(What you need to do): Without the images, repeat every line of the listing verbatim.

(The data):
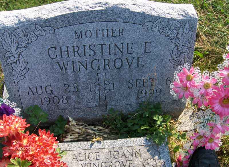 - Wyno, Patsy 1909-1973. LaFayette MP, Gdn of Blessing, Redstone Twp.; Contributor: Randy Knight
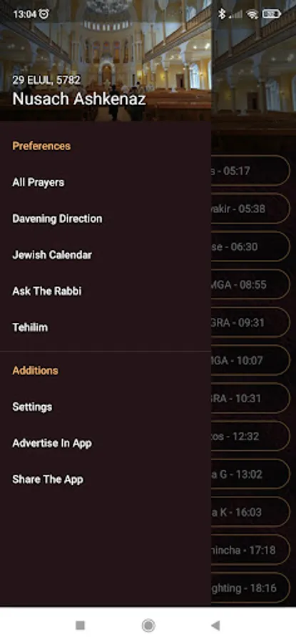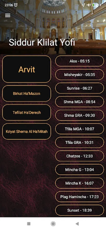 In addition - the app displays the prayers that are relevant to the time of the day on the main screen and matches them to the date, so that on the first of the month it will also presented Halel and Musaff, and will remind you to say Yale ve'Yavo, etc.
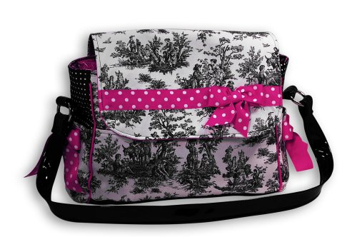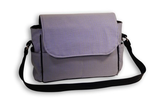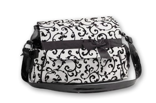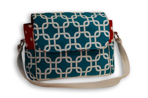 Carry baby's essentials in style with Caught ya Lookin's large diaper bag. Bag has caramel, red, and black woven plaid exterior with black patent leather bottom, sides, and handles. Plastic lined interior makes cleaning spills a breeze. Measures 14" x 10.5". Made in USA.Feature
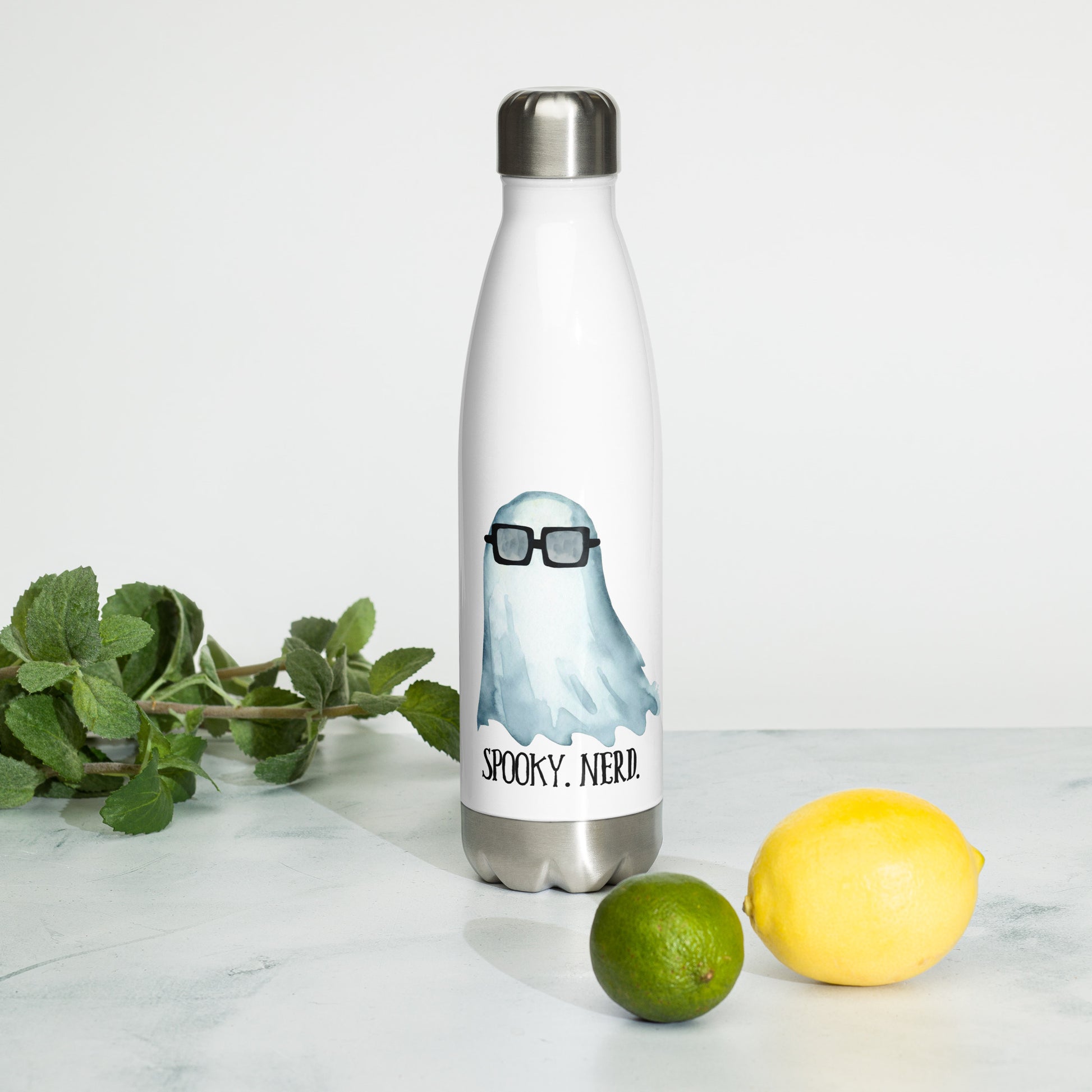 Spooky Nerd White Stainless Steel Water Bottle

(Task solution):
 - Wyno, Patsy 1909-1973. LaFayette MP, Gdn of Blessing, Redstone Twp.; Contributor: Randy Knight
 In addition - the app displays the prayers that are relevant to the time of the day on the main screen and matches them to the date, so that on the first of the month it will also presented Halel and Musaff, and will remind you to say Yale ve'Yavo, etc.
 Carry baby's essentials in style with Caught ya Lookin's large diaper bag. Bag has caramel, red, and black woven plaid exterior with black patent leather bottom, sides, and handles. Plastic lined interior makes cleaning spills a breeze. Measures 14" x 10.5". Made in USA.Feature
 Spooky Nerd White Stainless Steel Water Bottle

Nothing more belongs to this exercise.